But in the listings found on the Preview page at the AS/PMA, I've only found two records which are clearly vanity records (discounting Rodd Keith's recording of his own song on Preview 2000, at least - not sure it counts as a vanity release of a member of the staff wrote and recorded it). 

That is, a record recorded and sung by the same person who wrote the song. That can't really be considered a song-poem, as the listed writer(s) presumably composed the words and music, if he or she is also performing the work. Both of the clear vanity listings I've found among the Preview database feature a band called Eddie Carter and the Sunset Ramblers, who, in the words of my best pal Stu, were "a well known L.A. country band in the 1960s", and what's more that "Carter also was later the touring and session lead guitarist for the Beach Boys"

One of those two Preview sides is by Eddie Carter and his band, and the other features the band backing someone named William "Chick" Sandone. I just obtained a copy of Chick Sandone's release, and am offering it up here for everyone's perusal. Again, as my friend Stu pointed out to me, Sandone also submitted songs in the more typical way, to Preview, and several of his songs were recorded by the regular Preview team, including one of the songs on this 45. What a successful bandleader (Carter, not Sandone) was doing making a record on Preview is indeed a question for the song-poem ages. 
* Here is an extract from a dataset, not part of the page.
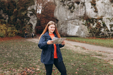 blonde hiker with compass and reading map in the nature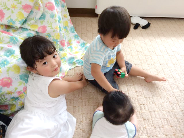 ママ同士が幼なじみで、3人も一緒に遊ぶことが多いみたい。

And a bigger question is this: how did Eddie Carter and the Sunset Ramblers become popular at all, with a bass player who clearly has no idea how to play his instrument. The bass playing here is just as incompetent as that heard on my recent Tin Pan Alley posting (and in the other posts reference within that post). I'm not sure there's a single moment here where the bass player hits a note which is consistent with the chord changes of the songs, on either side. 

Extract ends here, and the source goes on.